The Ministry of Finance explained the relatively small damage to the Israeli economy compared to the world, with only a slight damage to exports, which is a significant component of the domestic product, and the prosperity experienced by the technology sector, including increased exports of high-tech services and foreign investment.

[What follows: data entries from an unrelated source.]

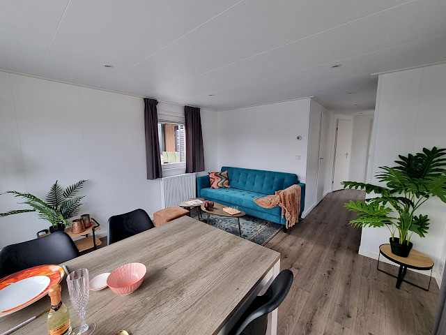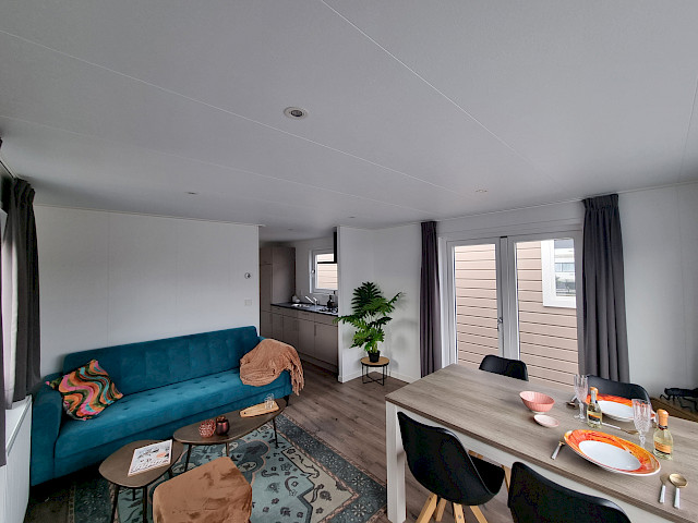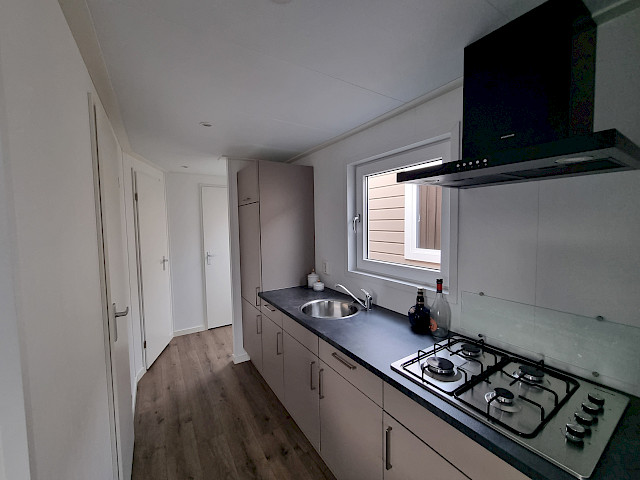 De Vulture heeft een rijk uitgeruste keuken, een gezellige ruime woonkamer met openslaande tuindeuren en natuurlijk twee fijne slaapkamers en een badkamer. Dit model kunt u nog naar wens aanpassen door bijvoorbeeld extra luxe opties toe te voegen. Verder is de Vulture een Green Label chalet. Dat betekent dat hij goed geïsoleerd is met buitenwanden van wel 12 cm dik, maar ook dat hij volledig elektrisch is uitgerust. Verder is dit model gebouwd in onze compleet energie neutrale fabriek in Nederland waardoor we echte Nederlandse kwaliteit kunnen bieden met de laagste prijs garantie.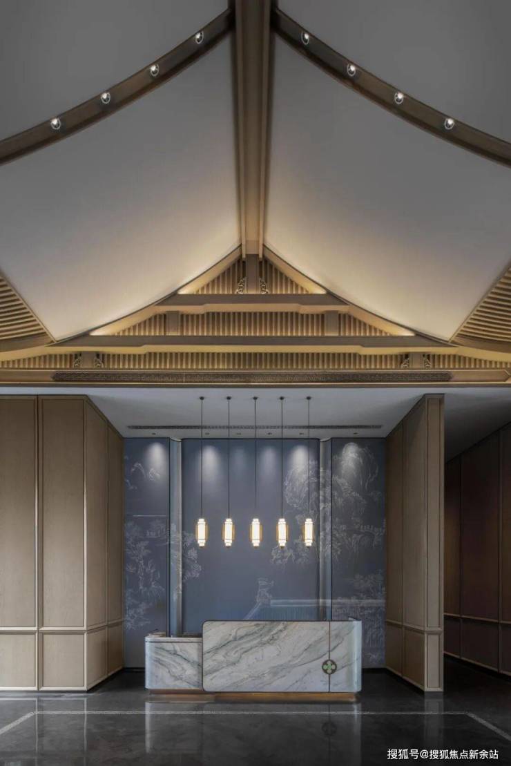 中式建筑庄正、典雅,于外,表达为“飞檐斗拱”的精巧;于内,则演绎了“山形”架空内拱的特征。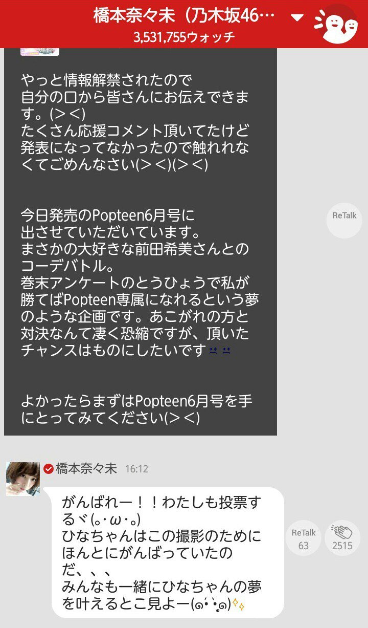 川後陽菜専属モデル広報アカウント On Twitter 川後陽菜さんの専属モデルをかけた対決の時 橋本奈々未 がんばれー わたしも投票する ひなちゃんはこの撮影のためにほんとにがんばっていたのだ みんなも一緒にひなちゃんの夢を叶えるとこ見よー By 橋本奈々未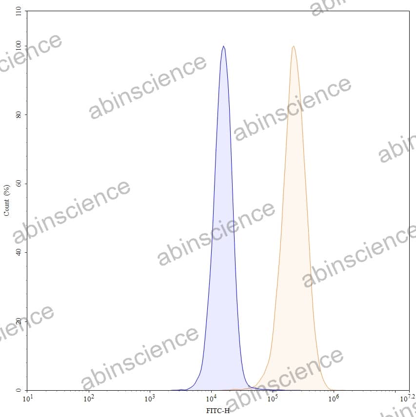 Flow-cytometry using FITC anti-human EGFR antibody. A431 cells were stained with an irrelevant antibody (Blue Histogram) or an FITC anti-human EGFR monoclonal antibody (Catalog: HF004317, Yellow Histogram) at a concentration of 5 µg/ml for 30 mins at RT. After washing, and cells analysed on a NovoCyte Flow Cytometer. |

On the other hand, the negative effects of the crisis were felt more strongly in the labor market, along with the contraction in private consumption.

These areas were more affected than their counterparts in OECD countries.

Regarding 2021, the Treasury estimated that the economy will grow by 4.6%, similar to the November forecast (4.5%).

In the pessimistic scenario of worsening health conditions due to ineffectiveness of vaccines, the economy will grow by only 1.9%.

However, the Treasury explained that this is a scenario with a low probability.

Israel reached the corona crisis in a relatively good economic situation, the Treasury noted, with a low unemployment rate (3.4%) and a high employment rate (about 80%).

It was also stated that the debt-to-GDP ratio in 2019 stood at 60% alongside a relatively high structural deficit.

In 2019, the Israeli economy grew at a rate of 3.4% similar to the rate of growth in 2018, and slightly higher than the potential growth rate of the economy.

Thanks to the relatively low level of public debt and despite the high structural deficit of NIS 160 billion, the State of Israel had the fiscal space to implement an expansionary policy to deal with the crisis.